The categorical scoop on attributed C-sets
$$
$$
The trouble with C-sets is that they cannot model data structures such as labelled graphs, which are graphs where every edge and vertex has an associated element from some set of labels. In this blog post, we will discuss an extension to C-sets which we call attributed C-sets that solves this issues. This formalism is mainly inspired by the viewpoint of the “Algebraic Databases” paper (Schultz et al. 2016), though in truth we take more after the “databases” part than we do the “algebraic” part.
The double category of profunctors
It is possible to develop attributed C-sets within the 2-category of categories, functors, and natural transformations.

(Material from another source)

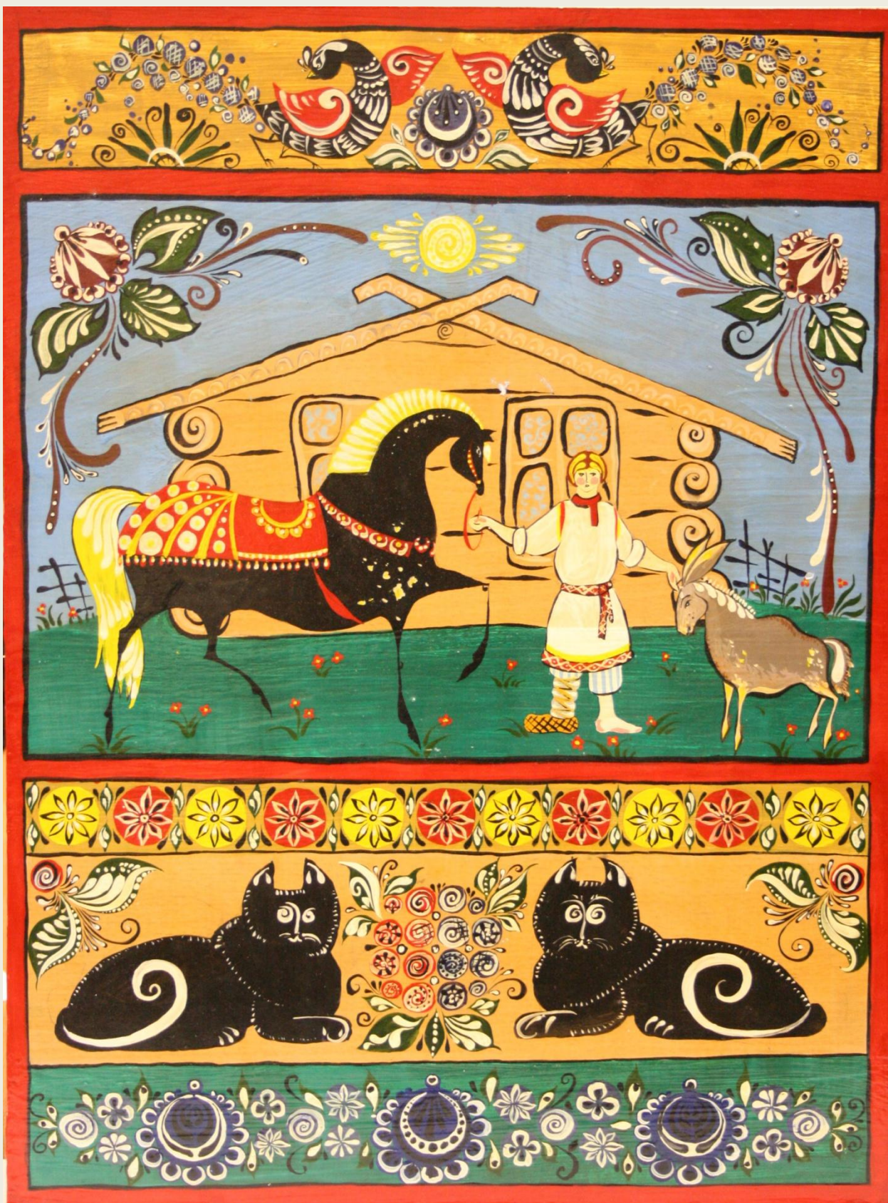
1. Поберей Тамара «Конек-Горбунок» Городецкая роспись.

However, we gain much in simplicity when we move to a double categorical framework, and it is for this reason that we dive into a bit of abstraction before moving to attributed C-sets.

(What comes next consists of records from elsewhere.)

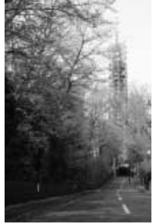
スカイタワー西東京がランドマークです

5月の休館日 8日(月)～11日(木) 15日(月) 22日(月)～25日(木) 29日(月)です。
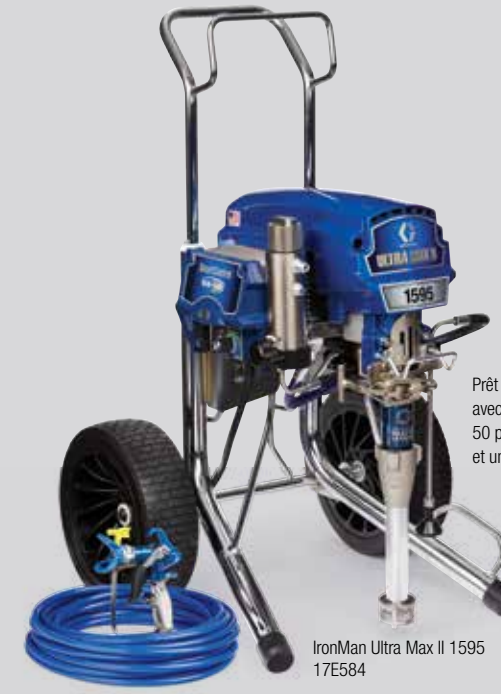
Prêt à pulvériser: Ensemble complet avec un pistolet pulvérisateur Contractor PC, 50 pi de flexible BlueMax II et une buse RAC X LP 517 SwitchTip
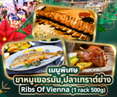
เมนูพิเศษ ขาหมูเยอรมัน, ปลาเทราต์ย่าง Ribs Of Vienna (1 rack 500g)
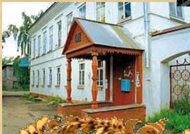
Старинный особняк, где мог жить Сквозник-Дмухановский
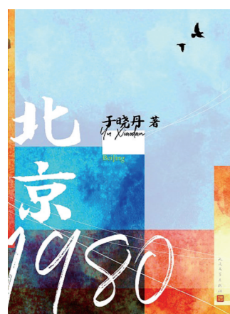
作者:于晓丹 出版社:人民文学出版社
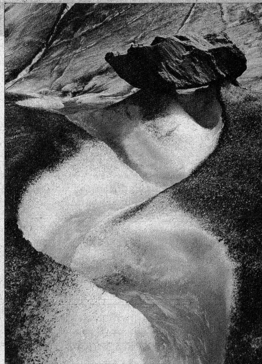
In ausgerundeten Bogen nimmt der gurgelnde Gletscherbach seinen Lauf (Aletschgletscher)

Freut euch also an diesen Wundern der Natur ohne sie zu besteigen!
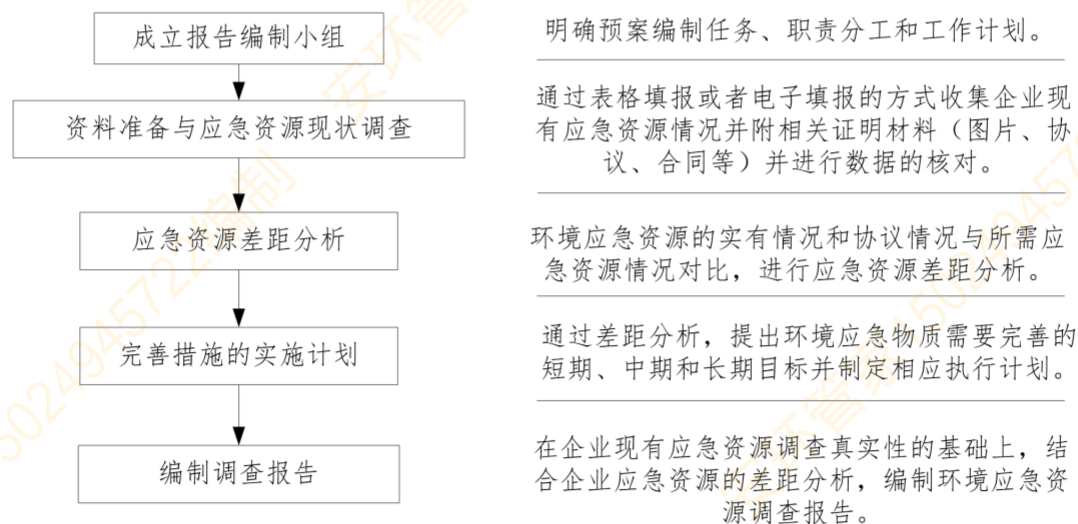
图 2.6.1 应急资源调查工作流程
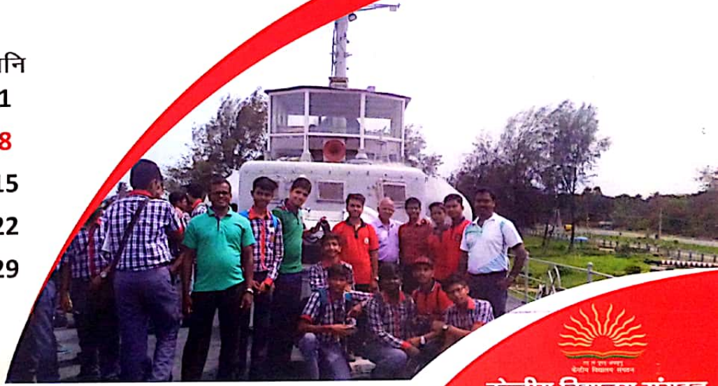
कारवार में सीमा दर्शन कार्यक्रम
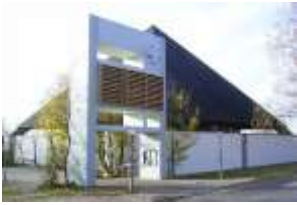
St. Josef, Ihrlersstein
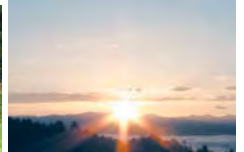
農園からの絶景 朝日
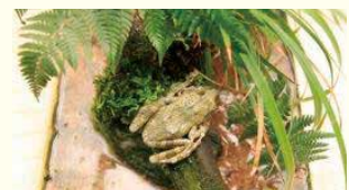
カジカガエルの飼育展示

日時 4月29日(水・祝)～6月21日(日) ※月曜休館 会場 面河山岳博物館 (久万高原町若山) 内容 博物館周辺のカエルとコケの生体展示ほか 料金 一般300円、小・中学生150円 問 面河山岳博物館 ☎0892-58-2130
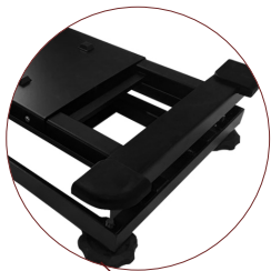
내부 재질 Steel
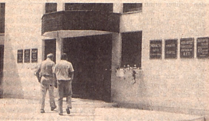
Közösségi, mozgalmi ház?

— Negyvenhatmillió forintba. Hangsúlyozom még
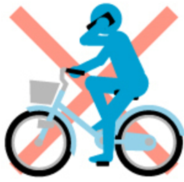
スマホ ながら運転
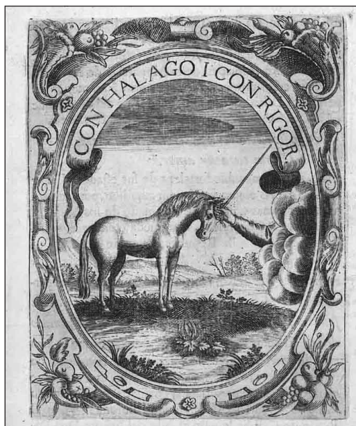
10. Saavedra Fajardo, Empresas políticas , Empresa 38. Con halago y con rigor .

Esta concepción pastoral del poder se desarrolla en la empresa siguiente, número 39, con una imagen en que el collar con el Toisón de Oro, cuelga de un altar ceremonial [IMAGEN 10]. En la explicación del símbolo del cordero dorado Saavedra sintetiza diversos motivos: la historia bíblica de Gedeón, guerro victorioso en la defensa del pueblo judío frente a sus enemigos; la simbología cristiana de Cristo como cordero y la identificación del monarca con la figura de Cristo; la legitimación de los Austrias, vinculada estrechamente a la Orden del Toisón; la asociación entre esta orden y el partido católico en las guerras de religión y, finalmente, la asociación entre los desvelos del príncipe católico por sus siervos y el sacrificio del pastor por su rebaño 25 . El sacrificio del pastor y el halago del monarca a sus súbitos no bastan obviamente por sí mismos, sino que necesitan de su complemento, el rigor en el ejercicio del gobierno y el temor que debe provocar en los gobernados.
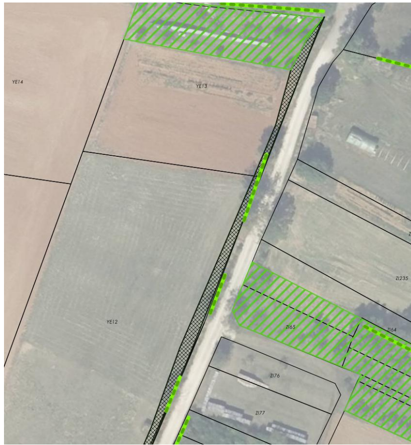
ER6 Partie haute
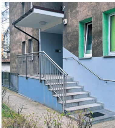
Remont schodów wejściowych do klatki schodowej w budynku przy ul. Północnej 4.

From a graphical perspective, a double category is a mathematical object where the basic unit of analysis is a square that looks like this:
Although this looks like a commutative diagram, it is in general not. Rather, it is a depiction of a 2-cell, and the morphisms and objects are merely the boundaries of the 2-cell. In an actual diagram, the asterisks and arrows would all be named, but we have left out names for now to emphasize the shape. These squares can be composed both vertically:
and horizontally
A double category can be very succinctly defined as a category in \mathsf{Cat}. This is analogous to the definition of a Lie group as a “group in the category of smooth manifolds.” However, it is a little more subtle than that for a couple reasons, so we will spell it out explicitly. A double category \mathbb{D} is defined by
- A category \mathbb{D}_0. We say that an object in this category is an object in \mathbb{D} (i.e., the corners of a square). A morphism in this category is a vertical morphism in \mathbb{D} (i.e., the left and right sides of a square).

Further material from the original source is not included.